Despite its success and whimsy, there is one major problem with Set It Up, and that is the treatment of Kristen (Lucy Liu) and Rick (Taye Diggs). Despite the fact that these characters are harsh and lack basic empathy skills, we still want them to end up together. This is a rom-com, after all. We entered this movie expecting to see a romance bloom between two people of color, but it turns into another basic straight, white love story. On one hand, sure, Rick is trash and Kristen deserves better, but it didn’t need to go down that way. Rick was only written to behave badly because we needed a catalyst for Charlie and Harper’s big fight, but there is a myriad of things they could have argued over.

Ultimately, Set It Up had the potential to begin a rom-com turning point by allowing the POCs to become the center of the romance instead of just being the bosses or best friends or wise neighbors. There is also the question of whether or not Pete Davidson, who played Charlie’s best friend Duncan, was the right choice to play a gay character. Personally, I found him hilarious and likable in the role, but many people would have understandably preferred to see an actual gay actor on screen. Of course, representation in rom-coms is not the sole responsibility of Katie Silberman and Claire Scanlon.

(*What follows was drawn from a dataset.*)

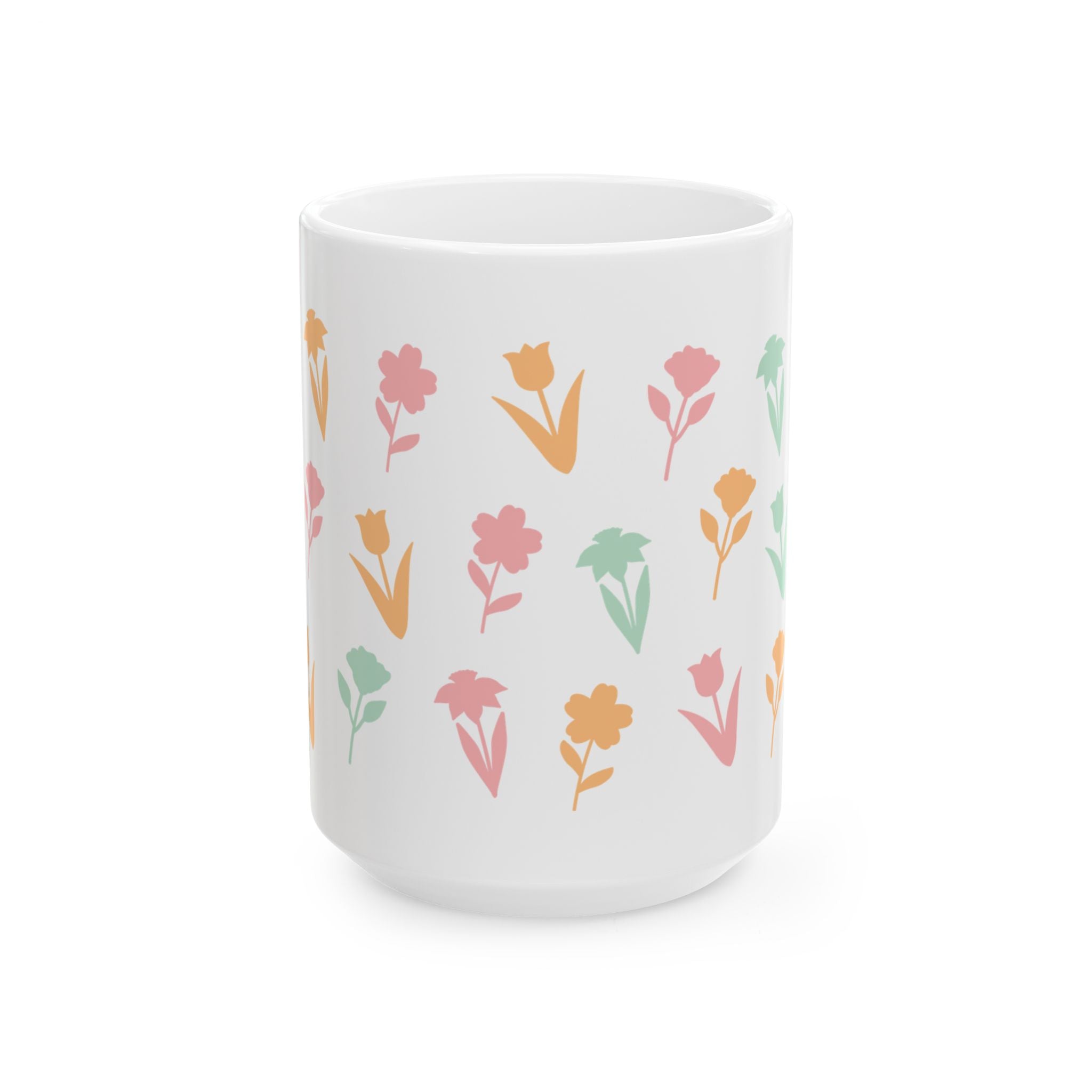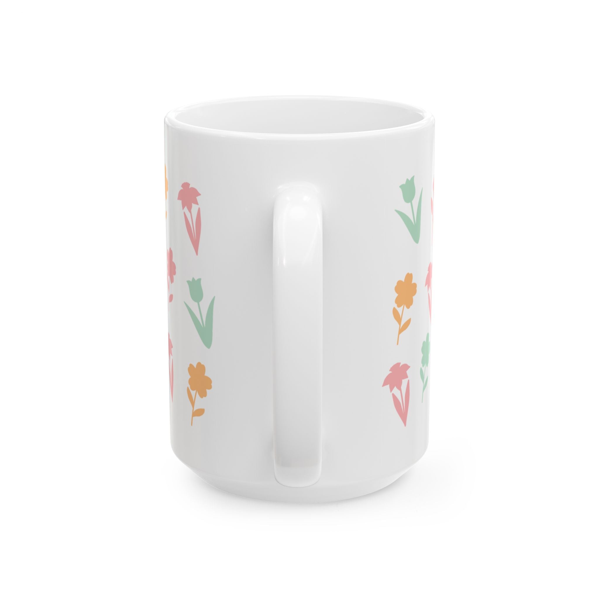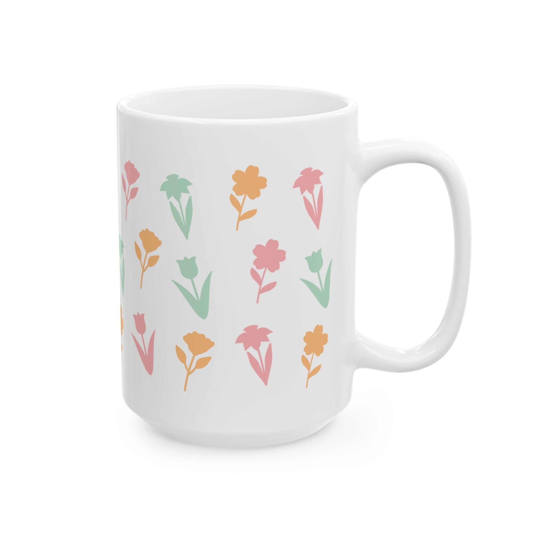 This glossy ceramic mug brings a quiet, joyful moment to morning routines. Soft, hand-drawn floral silhouettes in muted pinks, greens, and warm apricot wrap the white surface, giving a gentle, vintage-inspired look without shouting for attention. It feels like a slow spring morning — sunlight through curtains, steam rising from a fresh cup. Easy to hold by the comfortable C-handle, and available in two sensible sizes, this mug fits into everyday life: sipping tea at the kitchen table, settling into a reading nook, or carrying to a sunlit desk. Durable, bright printing keeps the colors cheerful wash after wash, so the little floral pattern becomes a familiar comfort rather than a fleeting accent.

It’s not fair to put the entire history of a genre on these two women, but as important figures in this resurgence, I wish they had done more to elevate the genre.

Yes, POC rom-coms and queer rom-coms exist, but they’re rare and tend to be set to a higher standard. If you’re a queer woman, there is no way you’ve managed to live your life without seeing Imagine Me & You, but despite its great performances by Piper Perabo and Lena Headey, it’s really not that good. Sorry, ladies, but it’s true. We love it because it’s all that we have, and that’s not completely fair. There are numerous well-made, beloved rom-coms that star the SAME TWO ACTORS. If there is enough room in Hollywood for multiple Adam Sandler and Drew Barrymore vehicles, there is enough room for people of color and people within the LGBTQIA community to fall in love and be happy on screen.

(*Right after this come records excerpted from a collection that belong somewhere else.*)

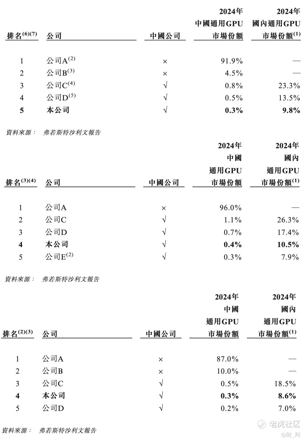 ▲从上至下:中国通用GPU市场排名、中国训练型通用GPU市场排名、中国推理型通用GPU市场排名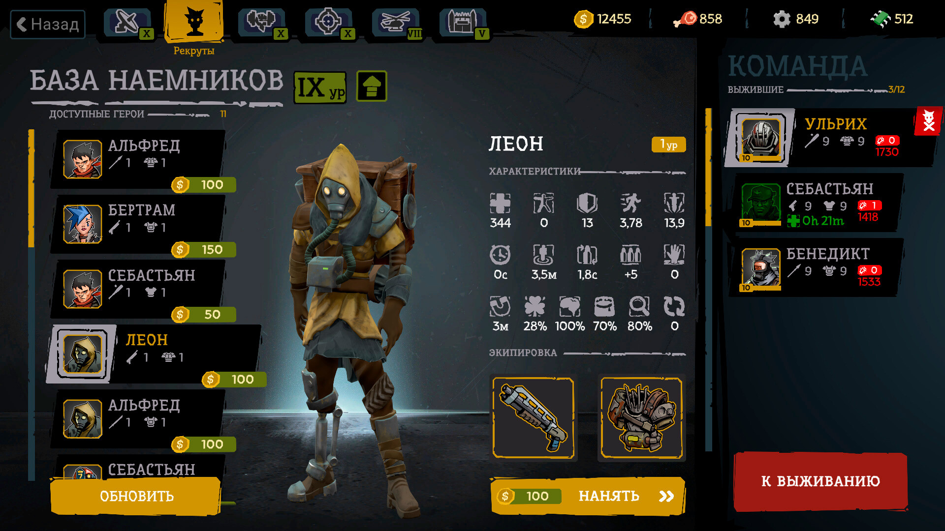 Во время вылазок наемники контактируют с вирусом, и это не проходит бесследно для организма. Чем выше вирусная нагрузка, тем больше шанс подхватить мутацию и хуже состояние наемника. Мутации могут иметь как положительные, так и отрицательные эффекты. Экспериментируй, чтобы создать самого живучего бойца!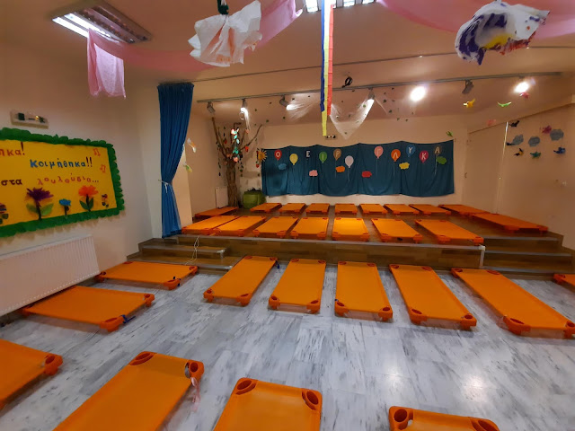 Η σχολική χρονιά προχωρά και θα ήταν παράλειψη μας αν δεν επισημαίναμε τις μικρές αλλά σημαντικές αλλαγές, με τις οποίες ξεκίνησε φέτος το σχολικό έτος. Ας ξεκινήσουμε λοιπόν με μια ιδιαίτερα σημαντική εξέλιξη, σε πρακτικό αλλά και παιδαγωγικό επίπεδο, που αφορά τον εξοπλισμό του Νηπιαγωγείου μας και ειδικότερα της αίθουσας του ύπνου, με ατομικά στοιβαζόμενα κρεβατάκια!!! Τα κρεβατάκια αγοράστηκαν με επιχορήγηση από την πρωτοβάθμια σχολική επιτροπή του Δήμου Ηρακλείου. Ευχαριστούμε τον πρόεδρο της Σχολικής επιτροπής κύριο Περισυνάκη που μας επέτρεψε να υλοποιήσουμε μια βασική ανάγκη του σχολείου μας και έτσι να προσφέρουμε στα παιδιά την άνεση που παρέχει ένας τέτοιος εξοπλισμός, αλλά και να μπορούμε να τηρούμε καλύτερα τους κανόνες υγιεινής. Παράλληλα με την αισθητική παρέμβαση των εκπαιδευτικών του ολοήμερου της κυρίας Ρίτσας και της κυρίας Άννας, οι μαθητές μας φέτος θα χαλαρώνουν σε μια παραμυθένια αίθουσα ύπνου!!!

Since Set It Up did not provide the turning point so many of us were hoping for, the pressure is going to fall on Crazy Rich Asians, the rom-com based on Kevin Kwan’s best-selling novel. This is the genre’s first anticipated summer release in a long while, and I beg all fans of romance to see it ASAP. It’s no secret that Hollywood has a whitewashing problem and helping this movie triumph could be a step in the right direction. Monetary success could also lead to adaptations of the book’s sequels, something everyone will crave after seeing Crazy Rich Asians, which is beyond delightful. In addition to the incredible performances, especially by Constance Wu, Michelle Yeoh and the hilarious Awkwafina, the film is a beautiful spectacle. There aren’t many rom-coms that are so visually stunning that they make you wish you could jump into the screen.

For the record, I’m not advocating to abolish white romance in film. There’s no denying my immense excitement for Destination Wedding, the upcoming Keanu Reeves/Winona Ryder flick, but romantic comedies were being pumped out on a weekly basis for two whole decades. If we’re heading that way again, and I think we are, a little diversity isn’t asking for too much.

The Future

As a lover of the genre, I’m extremely excited to see where this resurgence is headed. A person can only watch When Harry Met Sally and Love, Actually so many times before needing to mix it up. While theatrical releases are making a comeback, streaming services are likely the main course for romantic comedies.

Set It Up was a great start for Netflix, and while they seem to be taking a strong interest in the teen subgenre with movies such as The Kissing Booth and All the Boys I’ve Loved Before (another book adaptation with a diverse cast), the genre is ripe for streaming. These films don’t typically require a big budget or the need to be presented in IMAX (unless you’re dying to see a 70-foot Dermot Mulroney) and the audience is practically built-in.

As long as the filmmakers and streaming services are cognizant of the need for queer and POC stories, I believe we’re heading in a positive direction. Is that too much to ask?